The Elders Ltd (ASX: ELD) share price has come flying out of the gates on Monday morning.
In early trade, the agribusiness company's shares jumped 9% to a multi-year high of $14.98.
Elders share price jumps amid strong first-half profit growth
- Sales revenue up 38% to $1,514.8 million
- Earnings before interest and tax (EBIT) up 80% to $132.8 million
- Net profit after tax up 34% to $91.2 million
- Interim dividend increased 40% to 28 cents per share
What happened during the first half?
For the six months ended 31 March, Elders reported a 38% increase in revenue to $1,514.8 million.
This was driven by growth across all product areas and geographies. The star of the show, though, was the Rural Products business, which reported a 47% jump in sales to $312.9 million. This reflects strong demand for fertiliser and crop protection products following favourable seasonal conditions across key cropping regions.
As for earnings, the company delivered an 80% jump in EBIT to $132.8 million and 34% increase in net profit after tax to $91.2 million.

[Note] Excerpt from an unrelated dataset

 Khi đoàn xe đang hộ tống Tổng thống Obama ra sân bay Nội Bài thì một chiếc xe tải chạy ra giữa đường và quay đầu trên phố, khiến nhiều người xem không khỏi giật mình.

This was underpinned by its strong sales growth and the early success of its Eight Point Plan.
This strong profit growth allowed the Elders board to declare a 30% franked 28 cents per share interim dividend, which is up 40% year on year.

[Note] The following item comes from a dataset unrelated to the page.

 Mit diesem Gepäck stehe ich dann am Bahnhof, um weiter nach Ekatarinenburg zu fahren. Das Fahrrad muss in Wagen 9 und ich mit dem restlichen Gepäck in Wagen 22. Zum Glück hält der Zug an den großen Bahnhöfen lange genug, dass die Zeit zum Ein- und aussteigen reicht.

How does this compare to expectations?
As you might have guessed from the Elders share price performance today, this result outperformed expectations.
According to a note out of Goldman Sachs, its analysts were expecting Elders to report a 13% increase in sales revenue to $1,245.2 million and a 27% lift in EBIT to $93.7 million.
Elders has smashed both estimates with its sales revenue of $1,514.8 million and EBIT of $132.8 million.
Outlook
In light of the company's performance during the first half and strong start to the second half, management has upgraded its earnings guidance for FY 2022.
Instead of underlying EBIT growth of 20% to 30%, it is now forecasting EBIT growth of 30% to 40% for the 12 months.
Managing Director and Chief Executive Officer, Mark Allison, said:
The strong first half performance has continued in April and we now expect to deliver full year 2022 Underlying EBIT in the range of 30% to 40% above full year 2021 Underlying EBIT. This expectation replaces the guidance we gave to the market on 14 March 2022.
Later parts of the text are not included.